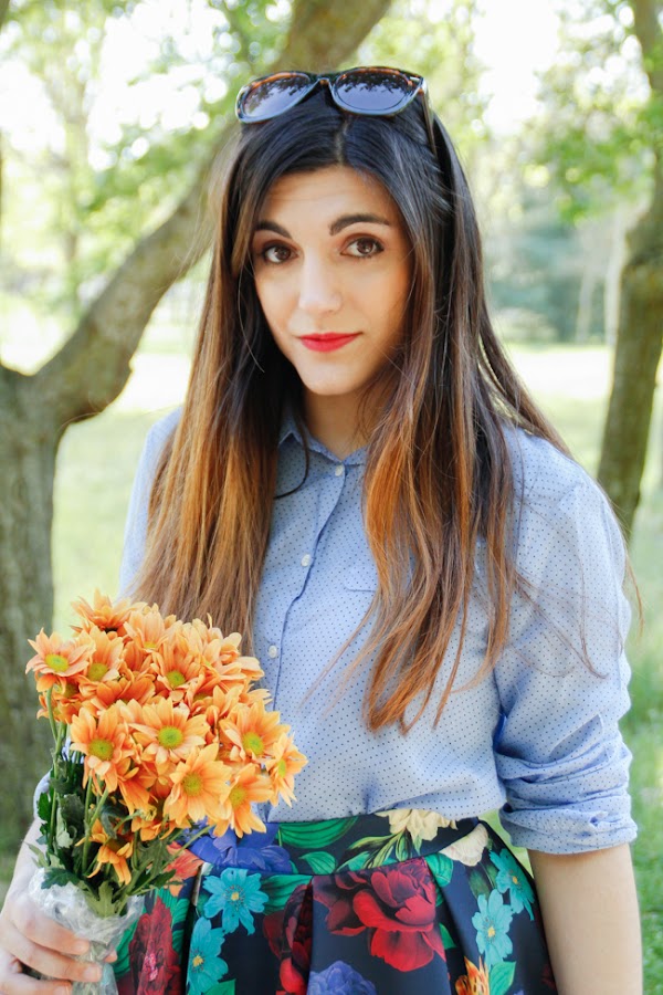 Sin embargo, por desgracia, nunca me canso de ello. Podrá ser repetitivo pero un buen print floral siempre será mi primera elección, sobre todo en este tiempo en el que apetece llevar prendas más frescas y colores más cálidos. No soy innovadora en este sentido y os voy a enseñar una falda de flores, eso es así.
---
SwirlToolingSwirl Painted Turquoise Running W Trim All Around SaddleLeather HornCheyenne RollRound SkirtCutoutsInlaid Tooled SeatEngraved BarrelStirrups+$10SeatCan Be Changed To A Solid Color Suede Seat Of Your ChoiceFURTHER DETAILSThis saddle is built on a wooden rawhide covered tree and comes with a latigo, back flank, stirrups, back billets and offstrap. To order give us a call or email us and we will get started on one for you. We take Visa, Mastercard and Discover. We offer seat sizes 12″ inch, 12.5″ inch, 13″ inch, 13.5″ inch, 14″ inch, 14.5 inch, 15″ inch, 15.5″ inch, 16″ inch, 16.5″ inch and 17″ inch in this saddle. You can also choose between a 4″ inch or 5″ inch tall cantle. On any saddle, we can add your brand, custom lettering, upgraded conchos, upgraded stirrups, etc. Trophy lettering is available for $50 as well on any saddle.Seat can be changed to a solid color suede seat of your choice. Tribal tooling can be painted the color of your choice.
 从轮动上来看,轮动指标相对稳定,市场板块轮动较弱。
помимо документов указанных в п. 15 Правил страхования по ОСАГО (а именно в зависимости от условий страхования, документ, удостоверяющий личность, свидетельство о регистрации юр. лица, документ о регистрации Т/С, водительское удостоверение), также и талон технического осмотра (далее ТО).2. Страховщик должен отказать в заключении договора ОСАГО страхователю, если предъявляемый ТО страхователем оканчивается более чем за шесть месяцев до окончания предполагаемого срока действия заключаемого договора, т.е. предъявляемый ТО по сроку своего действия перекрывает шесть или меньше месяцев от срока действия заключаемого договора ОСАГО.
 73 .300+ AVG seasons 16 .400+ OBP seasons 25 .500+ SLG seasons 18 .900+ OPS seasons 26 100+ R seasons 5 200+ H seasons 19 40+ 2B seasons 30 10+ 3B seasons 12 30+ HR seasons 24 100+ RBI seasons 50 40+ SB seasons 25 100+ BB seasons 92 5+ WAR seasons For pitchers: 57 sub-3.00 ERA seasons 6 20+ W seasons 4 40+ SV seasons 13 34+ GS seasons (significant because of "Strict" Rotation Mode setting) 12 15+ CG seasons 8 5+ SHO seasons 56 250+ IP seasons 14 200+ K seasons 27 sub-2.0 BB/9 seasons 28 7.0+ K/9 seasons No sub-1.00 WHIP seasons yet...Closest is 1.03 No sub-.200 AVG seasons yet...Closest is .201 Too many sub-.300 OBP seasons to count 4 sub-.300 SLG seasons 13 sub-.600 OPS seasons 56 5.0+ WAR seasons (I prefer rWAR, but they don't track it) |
--
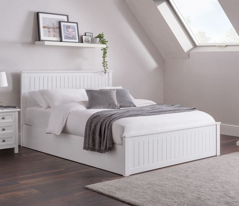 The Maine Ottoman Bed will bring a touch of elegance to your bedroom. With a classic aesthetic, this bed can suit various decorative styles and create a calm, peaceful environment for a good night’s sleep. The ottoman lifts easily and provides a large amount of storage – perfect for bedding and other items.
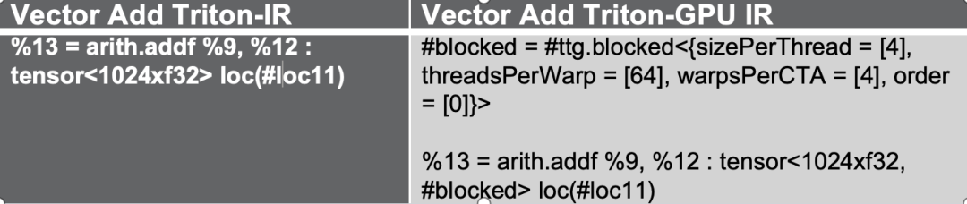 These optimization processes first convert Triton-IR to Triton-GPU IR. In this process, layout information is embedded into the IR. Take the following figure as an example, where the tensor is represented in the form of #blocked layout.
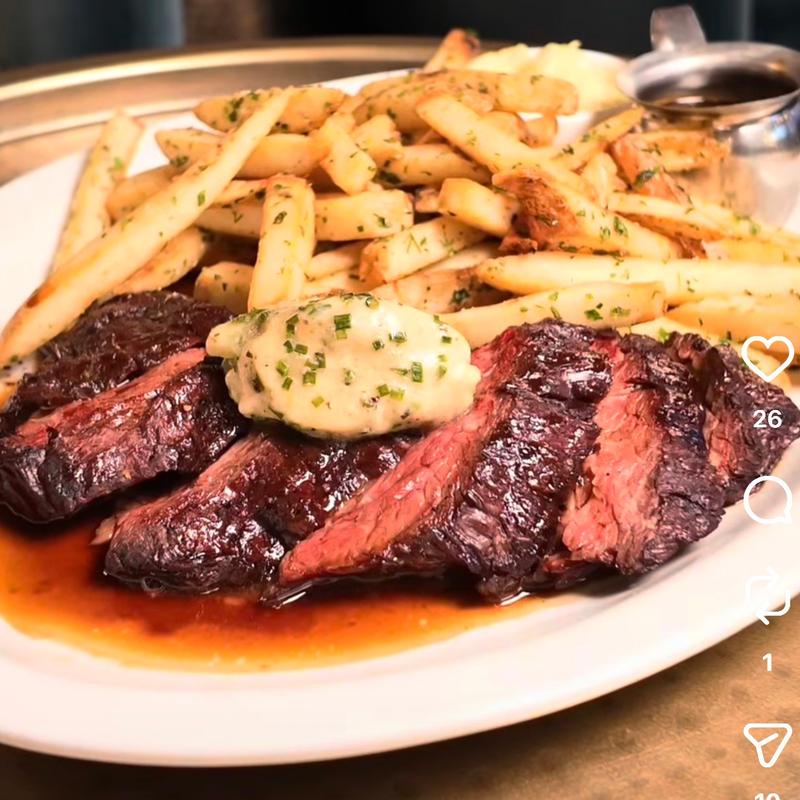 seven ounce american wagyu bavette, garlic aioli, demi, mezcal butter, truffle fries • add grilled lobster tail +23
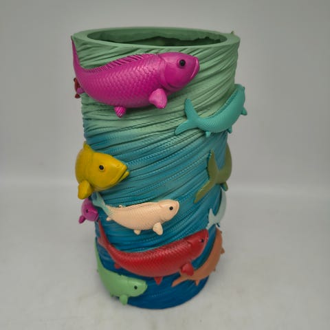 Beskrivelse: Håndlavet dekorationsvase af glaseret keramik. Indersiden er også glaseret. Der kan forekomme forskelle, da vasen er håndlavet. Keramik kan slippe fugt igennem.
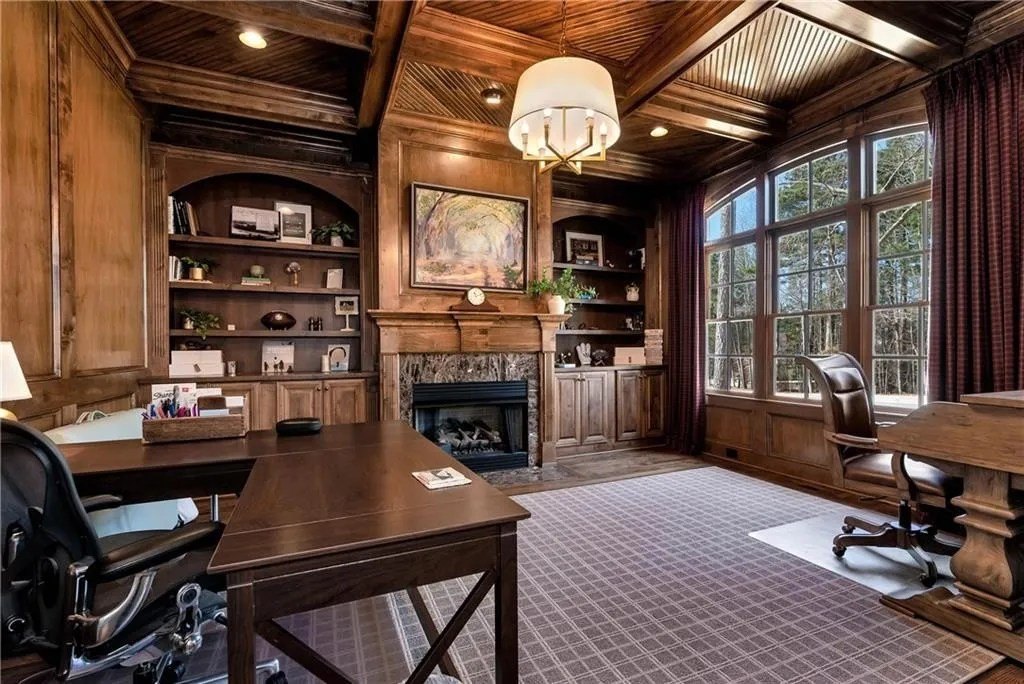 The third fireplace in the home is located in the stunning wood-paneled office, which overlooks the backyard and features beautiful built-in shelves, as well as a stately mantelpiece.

# TO DO
All that belongs in your answer is the stretch of entries above from the line with "从轮动上来看,轮动指标相对稳定,市场板块轮动较弱。" through the line with "73 .300+ AVG", printed exactly.

# EXERCISE RESULT
 从轮动上来看,轮动指标相对稳定,市场板块轮动较弱。
помимо документов указанных в п. 15 Правил страхования по ОСАГО (а именно в зависимости от условий страхования, документ, удостоверяющий личность, свидетельство о регистрации юр. лица, документ о регистрации Т/С, водительское удостоверение), также и талон технического осмотра (далее ТО).2. Страховщик должен отказать в заключении договора ОСАГО страхователю, если предъявляемый ТО страхователем оканчивается более чем за шесть месяцев до окончания предполагаемого срока действия заключаемого договора, т.е. предъявляемый ТО по сроку своего действия перекрывает шесть или меньше месяцев от срока действия заключаемого договора ОСАГО.
 73 .300+ AVG seasons 16 .400+ OBP seasons 25 .500+ SLG seasons 18 .900+ OPS seasons 26 100+ R seasons 5 200+ H seasons 19 40+ 2B seasons 30 10+ 3B seasons 12 30+ HR seasons 24 100+ RBI seasons 50 40+ SB seasons 25 100+ BB seasons 92 5+ WAR seasons For pitchers: 57 sub-3.00 ERA seasons 6 20+ W seasons 4 40+ SV seasons 13 34+ GS seasons (significant because of "Strict" Rotation Mode setting) 12 15+ CG seasons 8 5+ SHO seasons 56 250+ IP seasons 14 200+ K seasons 27 sub-2.0 BB/9 seasons 28 7.0+ K/9 seasons No sub-1.00 WHIP seasons yet...Closest is 1.03 No sub-.200 AVG seasons yet...Closest is .201 Too many sub-.300 OBP seasons to count 4 sub-.300 SLG seasons 13 sub-.600 OPS seasons 56 5.0+ WAR seasons (I prefer rWAR, but they don't track it) |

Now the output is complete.